When I was still teaching uni, I was asked to teach early in the morning and late at night to accommodate parents. I did this for a number of years, but then I asked not to teach after 5 as my elderly mum-in-law needed me to pop in after work to see how she was and help her with dinner. I’ll just say that the response I received was not pleasant. They allowed this accommodation, but it was very grudging with heavy implications I was selfish to ask. I ignored it and got my mum in law her dinner.
Dh and I live in a four bed with some land. We bought it cheap in a v. rural area and spent a decade fixing it up to make it nice for ourselves, and sacrificed quite a bit to pay off the mortgage and do the DIY. After a lot of sweat equity on our part, it looks beautiful now.

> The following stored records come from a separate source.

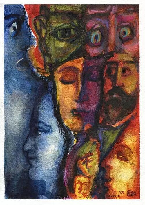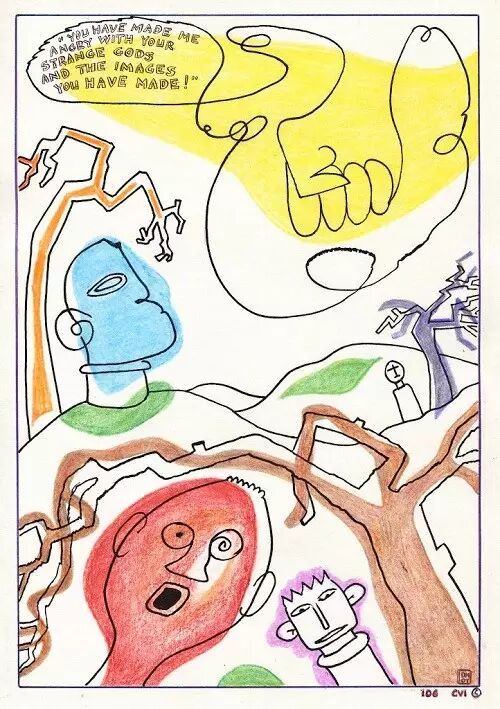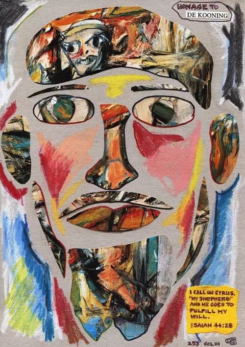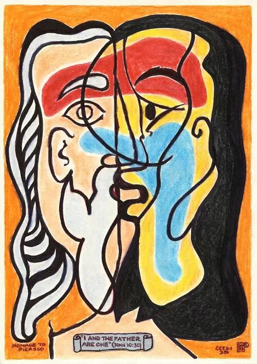 你能猜出这画的是谁吗?引用的《圣经》原文已经提示得很明显了,这画的是上帝和耶稣。作为神之子的耶稣与上帝因目标相同而合为一体了。这奇奇怪怪的脸,很明显是在模仿毕加索。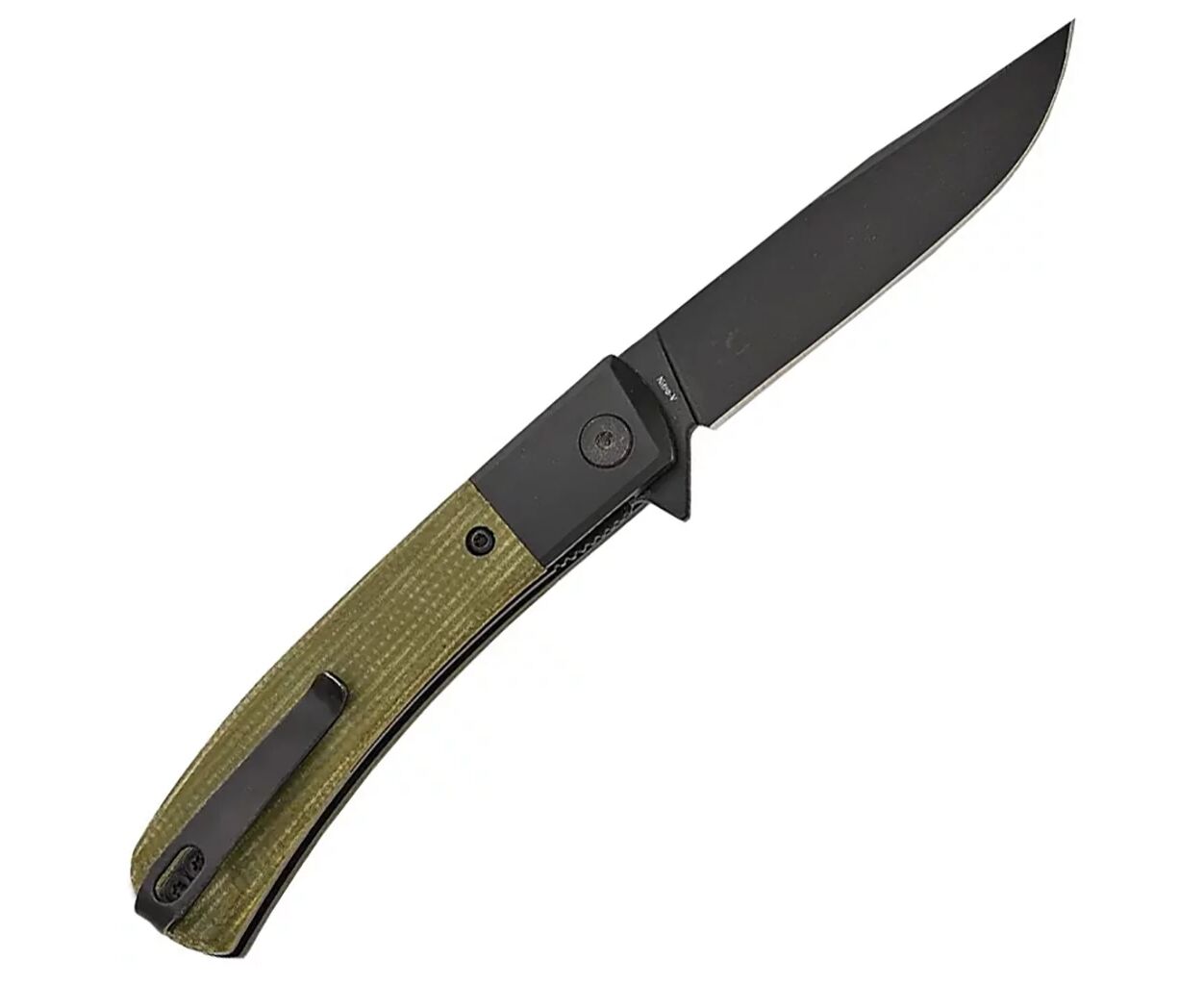 Рукоятка инструмента произведена из зеленой Микарты и имеет черный больстер, чем гармонично дополняет дизайн всего ножа.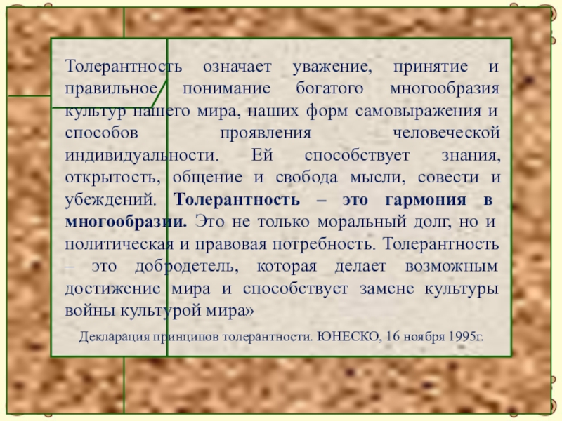 Французский язык. Толерантность – уважение свободы другого, его образа мысли, поведения, политических и религиозных взглядов.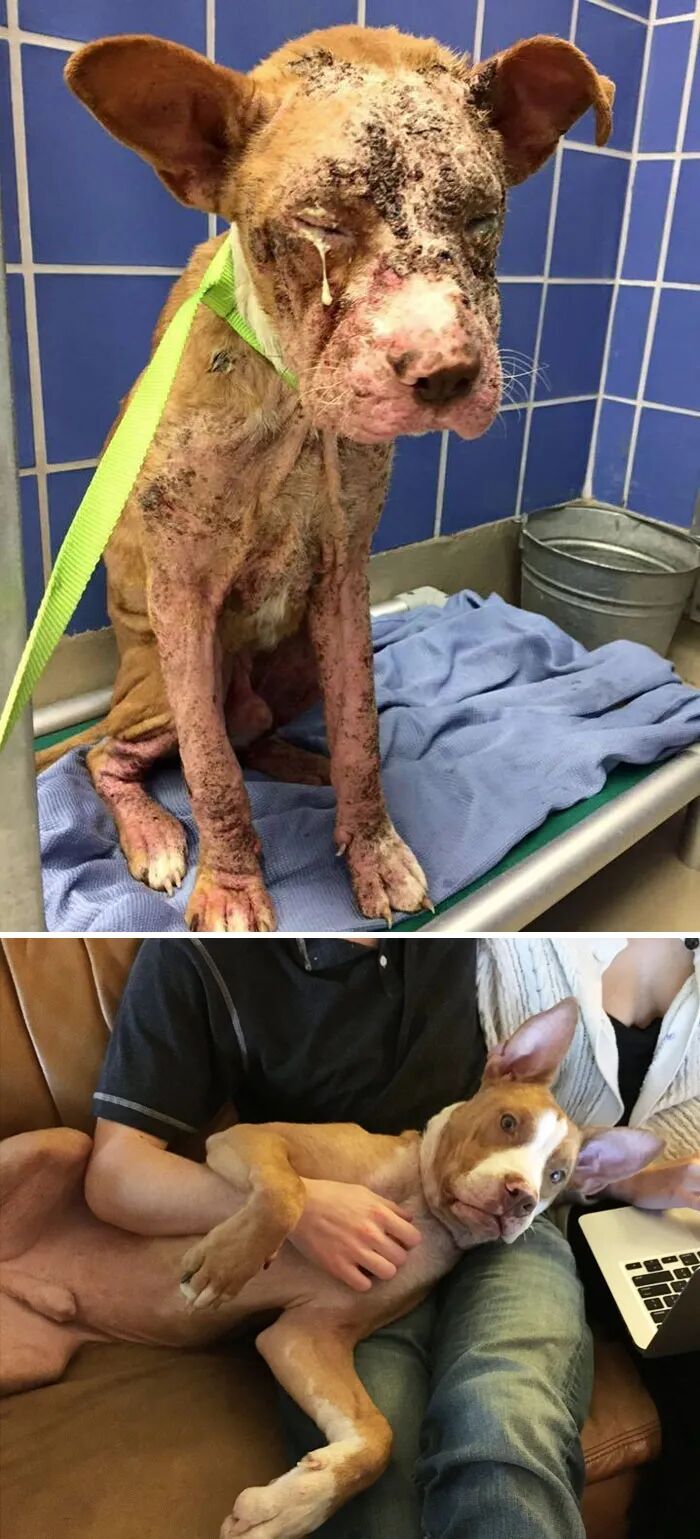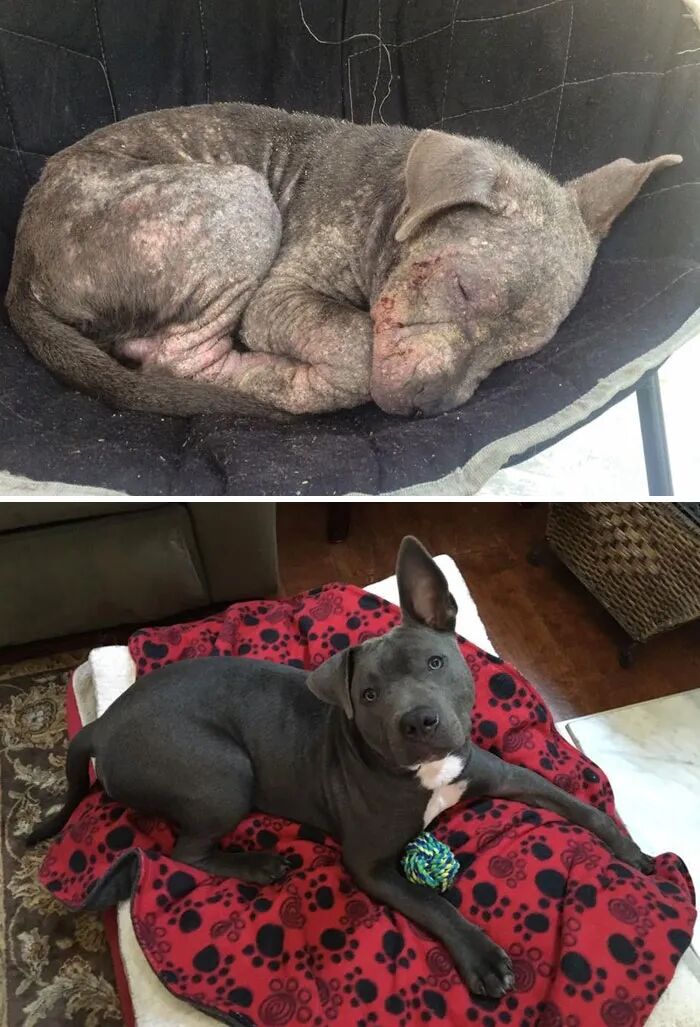 绑在店外被遗弃,患有严重疥癣、眼部感染,几乎认不出是只比特犬,被收养后体验到了家庭的温暖,完全没留下之前任何疾病的痕迹。

I don’t feel guilty owning my home. I don’t feel guilty working very part time and quasi-retiring early after putting off a lot of fun things in my life and painting walls, and stripping floors and furniture on the weekends. I ignore people who say we are selfish to have ‘all this room’. We all make our life choices.
My brother did think because he had kids and I didn’t, I didn’t deserve my inheritance from my father and spent several years trying to prevent me from having it, but when it was time for him to sell my dad’s land, the probate court thought otherwise, and I received my share. I was told I was selfish, etc., and he tried to impose a bunch of administration fees. Again the court said otherwise. I just ignored his protestations, esp because he always made much more money than me, lives in a nicer house, had expensive holidays, etc and thus treated me as a lesser being to be pitied and who didn’t deserve anything good. He conveniently forgot that I helped raise him and basically ran the house because my mum was ill throughout my childhood. My dad wanted to recognise that in giving us equal share even though I didn’t have kids.
He’s now upset he has to work till he is 65, and I have quasi retired in my 50s. I told him that he’ll have the pleasure of grandkids, he’s had the pleasure of 50K cars and a McMansion all these years, and I made the choice instead of a fixer upper, no car, and no children, and saving my money. Now I have a nice house, money in the bank and a decent pension and my leisure. I’ve had to save more money because I won’t have kids to look after me when I get old, and I just took a little longer to prosper because I was in grad school for a long time for my chosen line of work. Slow and steady. We all make our life choices.
People can fight each other over whether they have kids or not. Neither state of being is better than the other. They each have their own costs and benefits. They are just life choices. Isn’t it wonderful that women now have this choice to decide if they wish to parent or no?